[Saved data entries]
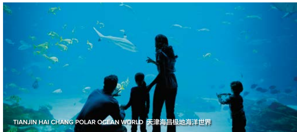
TIANJIN HAI CHANG POLAR OCEAN WORLD 天津海昌极地海洋世界

ADDRESS: No. 61 Xiangluo Business Area, Binhai New District, Tianjin, 45
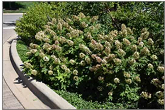
Snow Queen Hydrangea in bloom

Snow Queen Hydrangea is recommended for the following landscape applications;
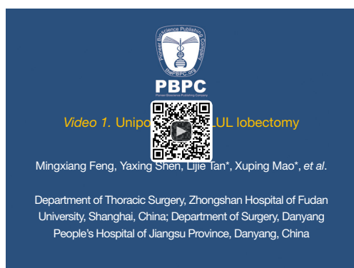
Figure 5 Uniportal VATS LUL lobectomy (9).

Available online: http://www.asvide.com/articles/393
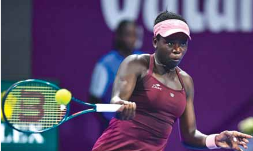
Tenth seed Victoria Mboko outmuscled Australian Open champion Elena Rybakina 7-5, 4-6, 6-4 at the Qatar Open.

The 30-year-old Greek won her first three career meetings with the young Swiatek but the last of those victories came in 2021. The Pole had won their last four matches, the most recent in straight sets in Qatar last year. "Last year in the second round here against her, I was not confident, I was not believing in myself and this year it's different. I feel a lot better," said Sakkari who will now face either 14th seeded Czech Karolina Muchova or
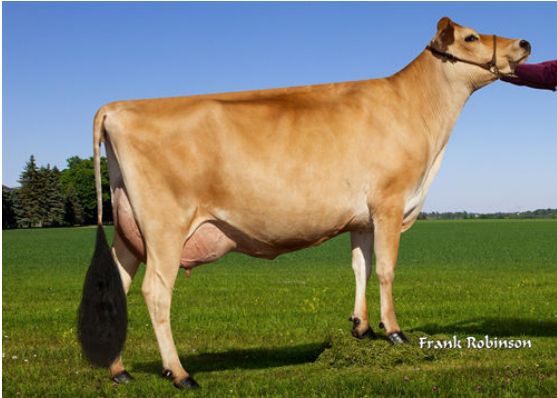
PROGENESIS MADISON- DAM

JX VIERRA SINATRA (4) PROGENESIS MADISON EX-90%-3YR-USA JX RIVER VALLEY CHIEF (6) RACHELLES VICEROY LOUISE VG-88%-6YR-USA CDF VICEROY RACHELLES GENOMINATOR 7857
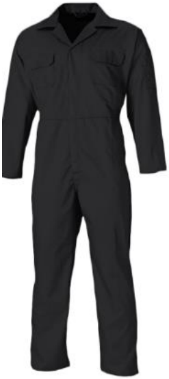
8. Overall for Masonry level 3,4 and Building level 5&6 – Black
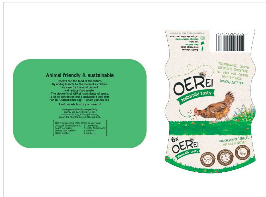
Figure 2. Packaging provided to participants during Section 4 of the focus groups.
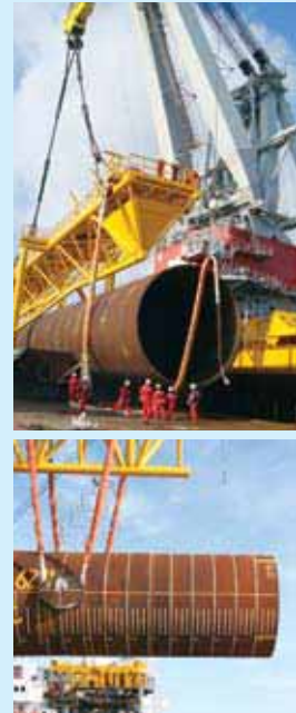
All 140 turbine foundation monopiles were installed using the first set of lifting slings. After completion Lloyd's proof loaded the slings and recertified them for continued use.

Through this process, it has been determined that the original set of slings and grommets can be used again. The second set is still in storage.
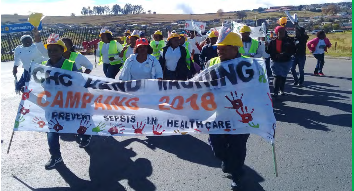
March proceedings half way to MOOPLAZA TOLL GATE
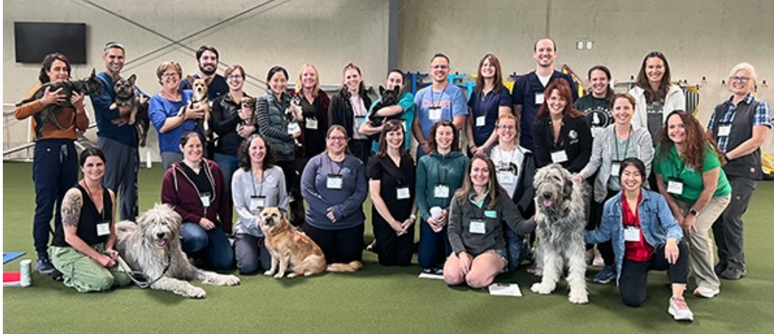
Students, faculty and dog professors paused for a class photo during Veterinary Medical Acupuncture for Sports Medicine/Rehabilitation Patients (Module 2) , held September 22-24 in Littleton, Colorado.
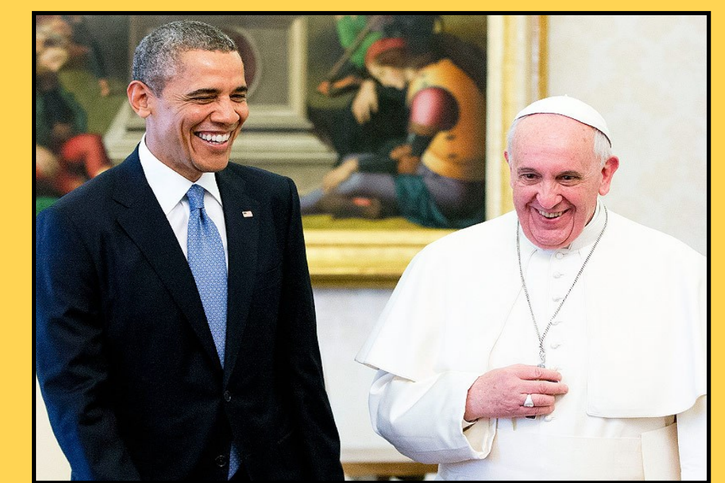
Pope Francis and President Obama
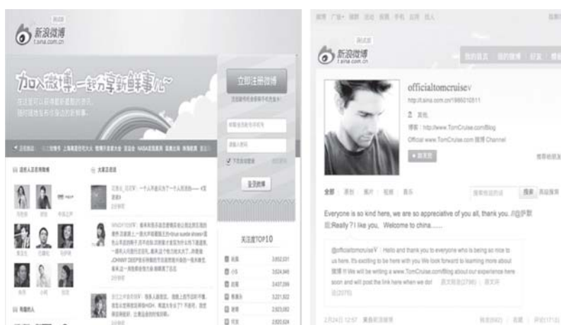
Figure 2. Weibo homepage and Hollywood Actor's official page (Source: http://blogs.ubc.ca/carlytaojing/files/2012/01/crt_weibo_G_20101116094909.jpg ; https://www.techinasia.netdna-ssl.com/wp-content/uploads/2011/02/tom-cruise-sina-weibo.jpg?71bc4c , accessed on 22 October 2014)

Weibo's fever has attracted some news sites and online portals to highlight the euphoria. Government, political elites, opinion makers, and academics in the country have their own Weibo. Even international celebrities open their own Weibo's page.
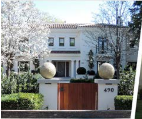
490 Kingsley Avenue
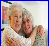
8/3 Beer Day 8/5 Sister Day
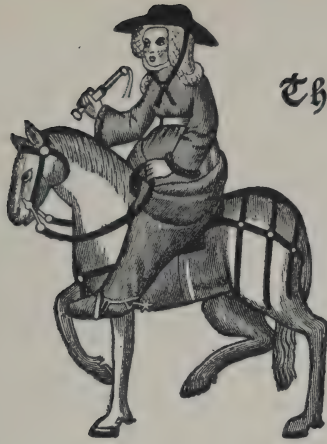
The Wife of Bath
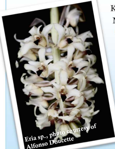
Eria sp., photo courtesy of Alfonso Doucette

March 12 th - 15 th www.rochesterflowershow.com/
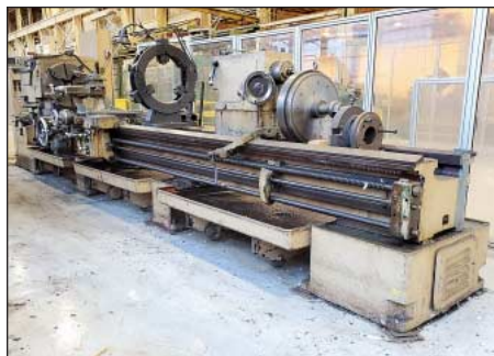
32" X 16' Leblond Model 3220-25 HD Engine Lathe
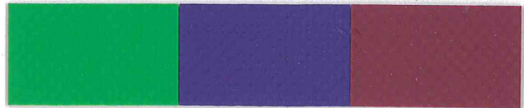
Lime Green Purple Maroon
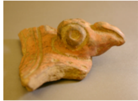
Figure 30. Pelican adorno on incised dish fragment showing distended gular pouch, unknown site, St. Vincent, approximately 2 in. length. Smithsonian National Museum of the American Indian, Cultural Resources Center, Suitland, Maryland.
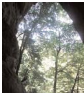
A rock formation frames the forest at Hocking Hills State Park, Ohio.

South of Columbus, the drive quickly passes into farmland and wooded areas. In the Hocking Hills, lodging options range from simple campsites and motels to cabins at upscale resorts like Glenlaurel Inn and Inn at Cedar Falls. Dinner at the Scottish-style Glenlaurel Inn is a five-course affair for $49 plus tax and tip. Entrees vary, but may include filet mignon, salmon, or rack of lamb, served in the castle-motif dining room.
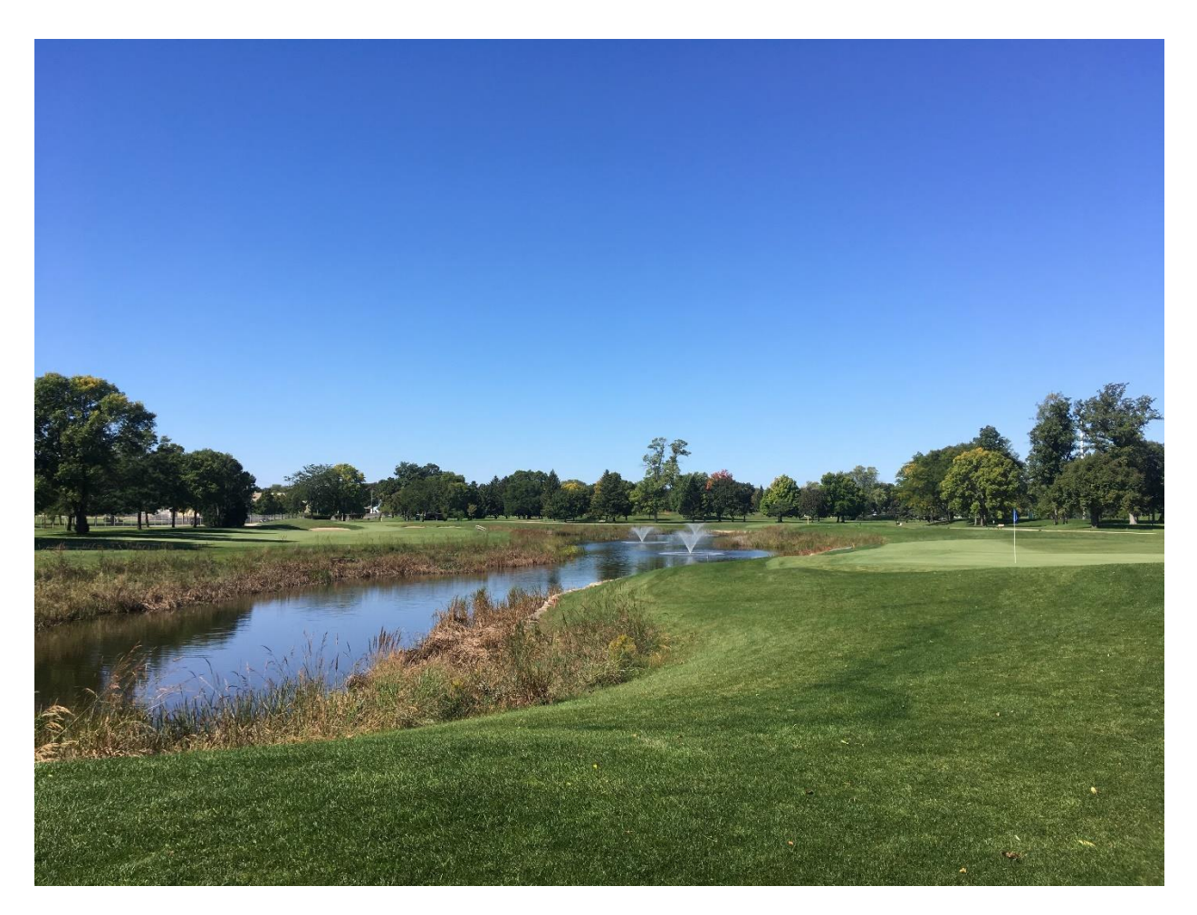
#2 & 3 on a perfect early fall day.
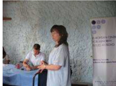
Round table on decentralisation in Novo Brdo

During the reporting period ECMI Kosovo organised round tables for Serb Women's NGOs in Fushe Kosove/Kosovo Polje and in Novobërdë/Novo Brdo. These round tables were intended to increase the awareness of Serb women about the decentralisation process and the establishment of the Municipal Preparatory Teams. ECMI Kosovo also continued its support to the creation of Municipal Preparatory Teams, by distributing application forms and providing information regarding the application procedure to community members. Finally, ECMI Kosovo attended several meetings of the Information Campaign Group in which the final version of its action plan was agreed on.
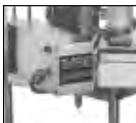
Optional Temp-Sure™ heater assures a continuous supply of 140°F hot water that guarantees excellent results.
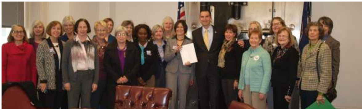
AAUW of Virginia members met with Lieutenant Governor Ralph Northam during State Lobby Day in Richmond on February 4, 2015, to deliver the human trafficking petition.
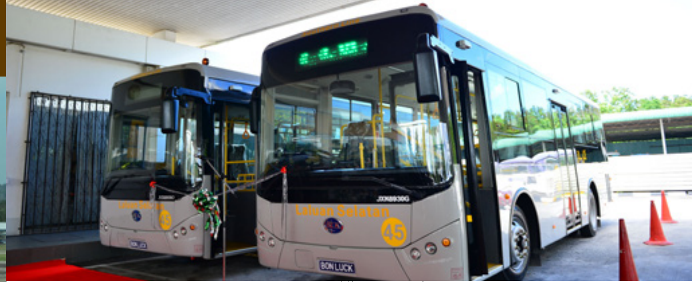
Buses as public transportation

As an added convenience to its passengers, the airline has code-share agreements with a number of airlines
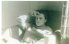
Student reading, probably in the South Lodge (men's dormitories) of the Lake Eden campus (2003.7.50)
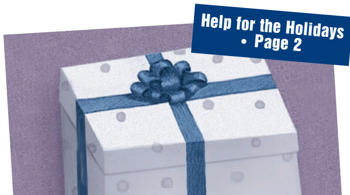
Help for the Holidays • Page 2
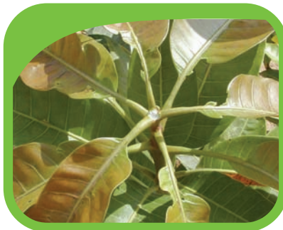
Figure 6: In tipping, only the terminal bud is removed. The thicker, more vigorous terminal shoots are tipped after each flushing episode.

After planting and heading at the desired height, the strong new shoots arising after heading are tipped. The weaker shoots should not be removed. They are valuable in that they contribute to the tree's growth.
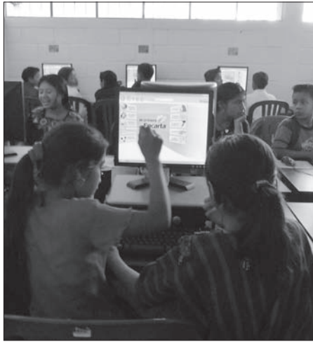
4th grade students use Encarta, a powerful online encyclopedia, to investigate themes during their computer class in our new technology center.

Computers can be powerful learning tools, especially in remote areas where access to resources are limited. The children of Santa Cruz got their first introduction to computers in 2004 when we installed our first mini-lab of 4 donated used computers in a small corner of the school. Since then, our computer lab has undergone improvements each year. Through a generous donation in 2007, we were able to replace the old computers with 10 brand new ones plus a satellite for internet connection. Regular computer classes were established for both primary and secondary students. Computers became tools for learning for the children of Santa Cruz.
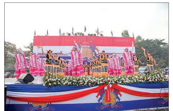
People celebrated the Kayin New Year Festival 2016 at the Kayin Yard of Ahlon Township, Yangon Region.

It is reported that most of the exported items this month are various kinds of nuts, and imported items are machines and equipment, building materials, petroleum products, chemical products, fertilizers, plastic raw materials, cotton fabrics, pharmaceutical products and other materials. — TWA/CT
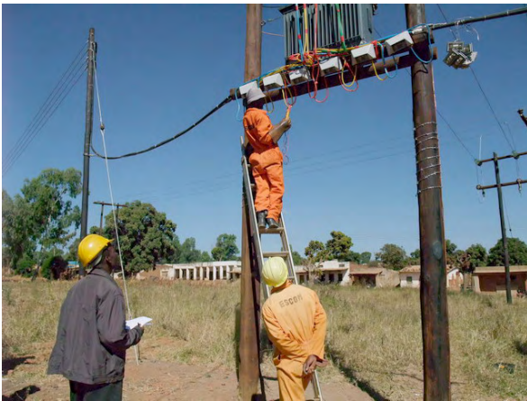
Photo 3 Inspection by ESCOM
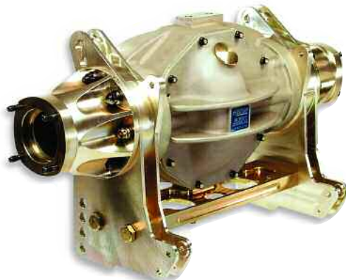
96012 Pro 4-Link 12 Bolt Housing
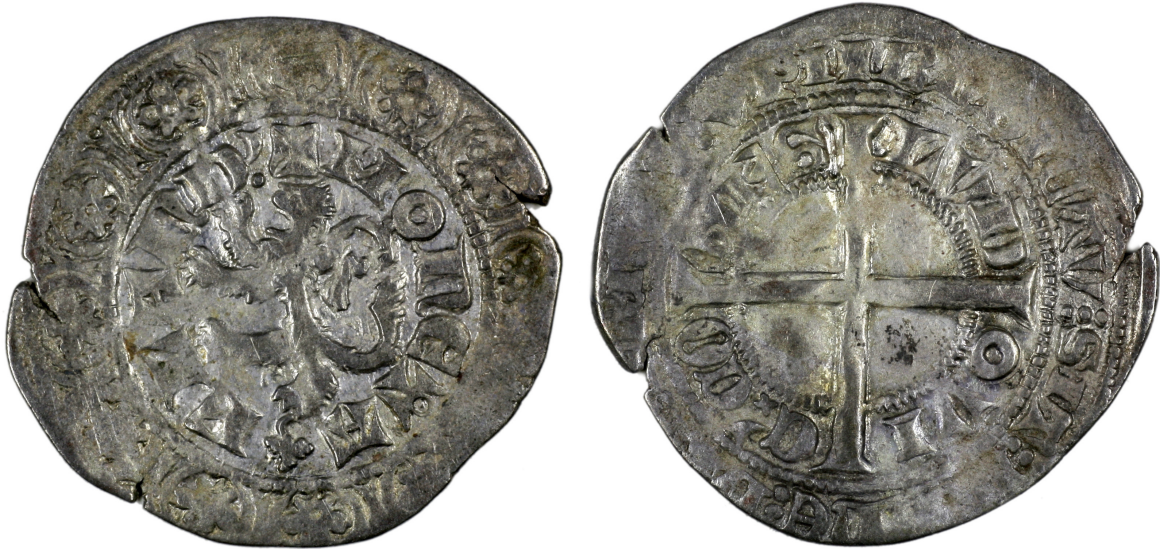
M 02970 / 2.3g

Coins with these attributes do not come from the sub-group 'refined' style. Coins with 'curvy' L's also do not come from the 'rough' style or the 'footless' N groups.
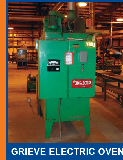
GRIEVE ELECTRIC OVEN
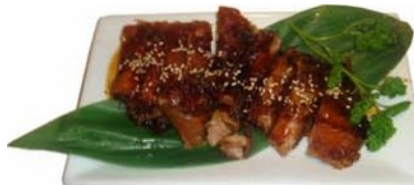
66. Kamo Teriyaki £5.90 Deep fried duck in light batter served with teriyaki sauce and garnished with sesame seeds
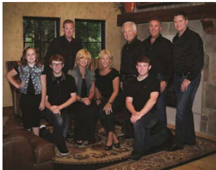
The Swaldo/Blackerby Family Gervasi Vineyard *

Assigned task
Each record above needs to be transcribed word for word, with its pictures omitted.

Solution to the exercise
TIANJIN HAI CHANG POLAR OCEAN WORLD 天津海昌极地海洋世界

ADDRESS: No. 61 Xiangluo Business Area, Binhai New District, Tianjin, 45
Snow Queen Hydrangea in bloom

Snow Queen Hydrangea is recommended for the following landscape applications;
Figure 5 Uniportal VATS LUL lobectomy (9).

Available online: http://www.asvide.com/articles/393
Tenth seed Victoria Mboko outmuscled Australian Open champion Elena Rybakina 7-5, 4-6, 6-4 at the Qatar Open.

The 30-year-old Greek won her first three career meetings with the young Swiatek but the last of those victories came in 2021. The Pole had won their last four matches, the most recent in straight sets in Qatar last year. "Last year in the second round here against her, I was not confident, I was not believing in myself and this year it's different. I feel a lot better," said Sakkari who will now face either 14th seeded Czech Karolina Muchova or
PROGENESIS MADISON- DAM

JX VIERRA SINATRA (4) PROGENESIS MADISON EX-90%-3YR-USA JX RIVER VALLEY CHIEF (6) RACHELLES VICEROY LOUISE VG-88%-6YR-USA CDF VICEROY RACHELLES GENOMINATOR 7857
8. Overall for Masonry level 3,4 and Building level 5&6 – Black
Figure 2. Packaging provided to participants during Section 4 of the focus groups.
All 140 turbine foundation monopiles were installed using the first set of lifting slings. After completion Lloyd's proof loaded the slings and recertified them for continued use.

Through this process, it has been determined that the original set of slings and grommets can be used again. The second set is still in storage.
March proceedings half way to MOOPLAZA TOLL GATE
Students, faculty and dog professors paused for a class photo during Veterinary Medical Acupuncture for Sports Medicine/Rehabilitation Patients (Module 2) , held September 22-24 in Littleton, Colorado.
Pope Francis and President Obama
Figure 2. Weibo homepage and Hollywood Actor's official page (Source: http://blogs.ubc.ca/carlytaojing/files/2012/01/crt_weibo_G_20101116094909.jpg ; https://www.techinasia.netdna-ssl.com/wp-content/uploads/2011/02/tom-cruise-sina-weibo.jpg?71bc4c , accessed on 22 October 2014)

Weibo's fever has attracted some news sites and online portals to highlight the euphoria. Government, political elites, opinion makers, and academics in the country have their own Weibo. Even international celebrities open their own Weibo's page.
490 Kingsley Avenue
8/3 Beer Day 8/5 Sister Day
The Wife of Bath
Eria sp., photo courtesy of Alfonso Doucette

March 12 th - 15 th www.rochesterflowershow.com/
32" X 16' Leblond Model 3220-25 HD Engine Lathe
Lime Green Purple Maroon
Figure 30. Pelican adorno on incised dish fragment showing distended gular pouch, unknown site, St. Vincent, approximately 2 in. length. Smithsonian National Museum of the American Indian, Cultural Resources Center, Suitland, Maryland.
A rock formation frames the forest at Hocking Hills State Park, Ohio.

South of Columbus, the drive quickly passes into farmland and wooded areas. In the Hocking Hills, lodging options range from simple campsites and motels to cabins at upscale resorts like Glenlaurel Inn and Inn at Cedar Falls. Dinner at the Scottish-style Glenlaurel Inn is a five-course affair for $49 plus tax and tip. Entrees vary, but may include filet mignon, salmon, or rack of lamb, served in the castle-motif dining room.
#2 & 3 on a perfect early fall day.
Round table on decentralisation in Novo Brdo

During the reporting period ECMI Kosovo organised round tables for Serb Women's NGOs in Fushe Kosove/Kosovo Polje and in Novobërdë/Novo Brdo. These round tables were intended to increase the awareness of Serb women about the decentralisation process and the establishment of the Municipal Preparatory Teams. ECMI Kosovo also continued its support to the creation of Municipal Preparatory Teams, by distributing application forms and providing information regarding the application procedure to community members. Finally, ECMI Kosovo attended several meetings of the Information Campaign Group in which the final version of its action plan was agreed on.
Optional Temp-Sure™ heater assures a continuous supply of 140°F hot water that guarantees excellent results.
AAUW of Virginia members met with Lieutenant Governor Ralph Northam during State Lobby Day in Richmond on February 4, 2015, to deliver the human trafficking petition.
Buses as public transportation

As an added convenience to its passengers, the airline has code-share agreements with a number of airlines
Student reading, probably in the South Lodge (men's dormitories) of the Lake Eden campus (2003.7.50)
Help for the Holidays • Page 2
Figure 6: In tipping, only the terminal bud is removed. The thicker, more vigorous terminal shoots are tipped after each flushing episode.

After planting and heading at the desired height, the strong new shoots arising after heading are tipped. The weaker shoots should not be removed. They are valuable in that they contribute to the tree's growth.
4th grade students use Encarta, a powerful online encyclopedia, to investigate themes during their computer class in our new technology center.

Computers can be powerful learning tools, especially in remote areas where access to resources are limited. The children of Santa Cruz got their first introduction to computers in 2004 when we installed our first mini-lab of 4 donated used computers in a small corner of the school. Since then, our computer lab has undergone improvements each year. Through a generous donation in 2007, we were able to replace the old computers with 10 brand new ones plus a satellite for internet connection. Regular computer classes were established for both primary and secondary students. Computers became tools for learning for the children of Santa Cruz.
People celebrated the Kayin New Year Festival 2016 at the Kayin Yard of Ahlon Township, Yangon Region.

It is reported that most of the exported items this month are various kinds of nuts, and imported items are machines and equipment, building materials, petroleum products, chemical products, fertilizers, plastic raw materials, cotton fabrics, pharmaceutical products and other materials. — TWA/CT
Photo 3 Inspection by ESCOM
96012 Pro 4-Link 12 Bolt Housing
M 02970 / 2.3g

Coins with these attributes do not come from the sub-group 'refined' style. Coins with 'curvy' L's also do not come from the 'rough' style or the 'footless' N groups.
GRIEVE ELECTRIC OVEN
66. Kamo Teriyaki £5.90 Deep fried duck in light batter served with teriyaki sauce and garnished with sesame seeds
The Swaldo/Blackerby Family Gervasi Vineyard *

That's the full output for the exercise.